THE DATA:
+ + + +

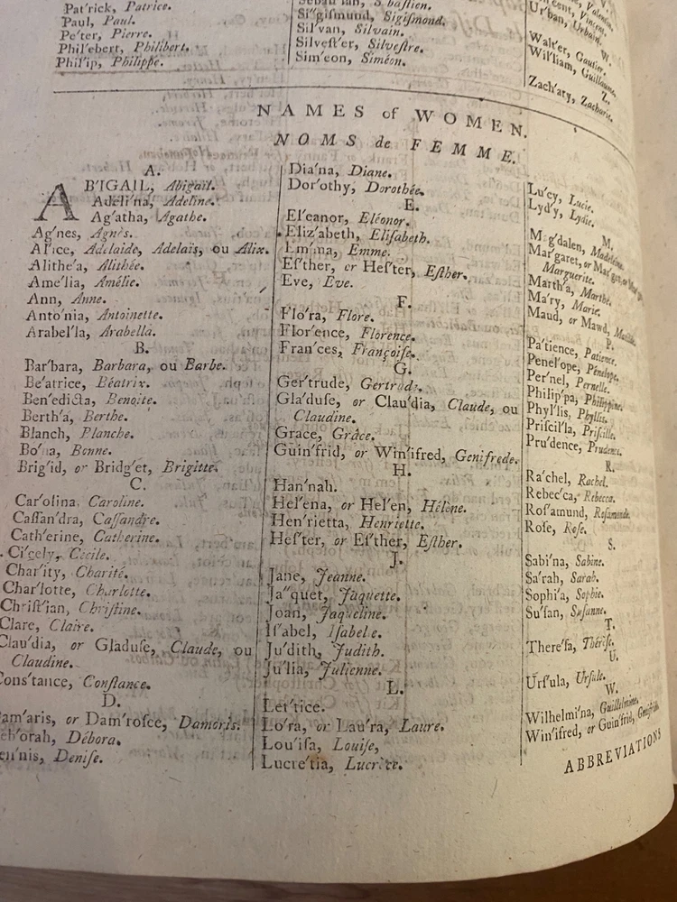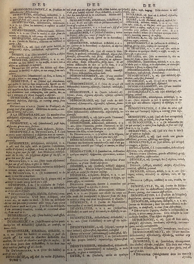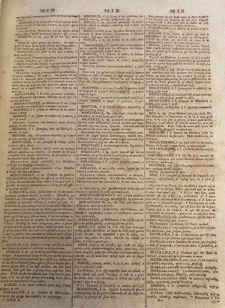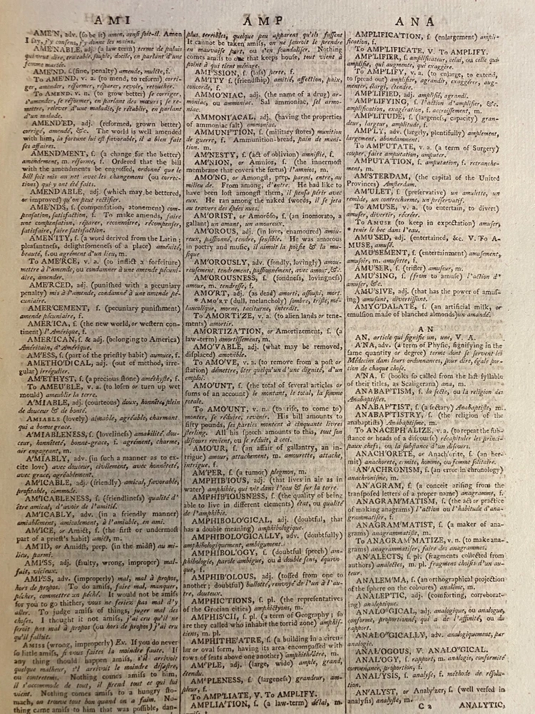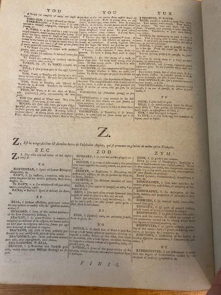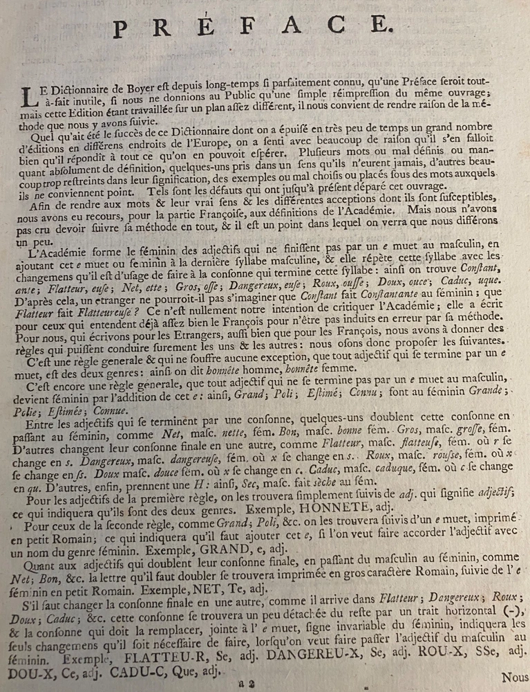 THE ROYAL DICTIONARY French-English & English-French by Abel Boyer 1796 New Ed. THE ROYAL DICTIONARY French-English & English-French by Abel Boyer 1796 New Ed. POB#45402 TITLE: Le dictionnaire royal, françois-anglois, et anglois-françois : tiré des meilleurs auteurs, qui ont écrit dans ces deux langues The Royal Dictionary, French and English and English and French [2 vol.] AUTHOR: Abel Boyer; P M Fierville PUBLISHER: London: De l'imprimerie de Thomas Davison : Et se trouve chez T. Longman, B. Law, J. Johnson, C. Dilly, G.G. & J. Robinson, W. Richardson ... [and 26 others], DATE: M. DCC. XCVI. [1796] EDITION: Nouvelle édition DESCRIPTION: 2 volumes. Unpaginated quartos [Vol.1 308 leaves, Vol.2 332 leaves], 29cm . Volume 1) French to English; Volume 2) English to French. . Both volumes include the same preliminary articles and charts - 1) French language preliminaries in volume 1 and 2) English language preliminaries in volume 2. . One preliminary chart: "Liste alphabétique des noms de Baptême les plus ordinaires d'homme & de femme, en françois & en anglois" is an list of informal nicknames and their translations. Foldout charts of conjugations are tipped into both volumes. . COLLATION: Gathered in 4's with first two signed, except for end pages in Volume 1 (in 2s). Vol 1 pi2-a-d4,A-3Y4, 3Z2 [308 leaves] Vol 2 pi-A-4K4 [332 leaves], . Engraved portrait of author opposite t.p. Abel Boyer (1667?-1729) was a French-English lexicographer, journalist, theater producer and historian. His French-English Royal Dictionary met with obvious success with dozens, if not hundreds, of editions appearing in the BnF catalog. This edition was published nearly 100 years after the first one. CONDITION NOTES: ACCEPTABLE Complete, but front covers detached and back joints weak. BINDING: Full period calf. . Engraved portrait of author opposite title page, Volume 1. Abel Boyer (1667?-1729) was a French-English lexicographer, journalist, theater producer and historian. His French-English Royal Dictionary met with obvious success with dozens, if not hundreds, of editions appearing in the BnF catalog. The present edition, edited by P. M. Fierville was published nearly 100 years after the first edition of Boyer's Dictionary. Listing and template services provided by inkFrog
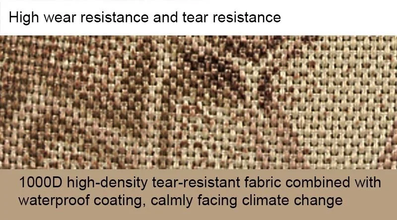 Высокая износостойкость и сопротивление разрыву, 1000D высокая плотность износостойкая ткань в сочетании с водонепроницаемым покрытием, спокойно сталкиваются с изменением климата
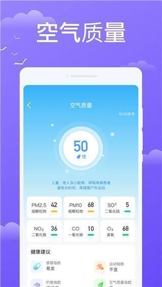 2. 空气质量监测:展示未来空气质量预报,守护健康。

+ + + +

Each line from the one containing "Высокая износостойкость и" through the last line of the listing must be copied exactly, and the pictures must not be.

SOLUTION TO THIS TASK:
 Высокая износостойкость и сопротивление разрыву, 1000D высокая плотность износостойкая ткань в сочетании с водонепроницаемым покрытием, спокойно сталкиваются с изменением климата
 2. 空气质量监测:展示未来空气质量预报,守护健康。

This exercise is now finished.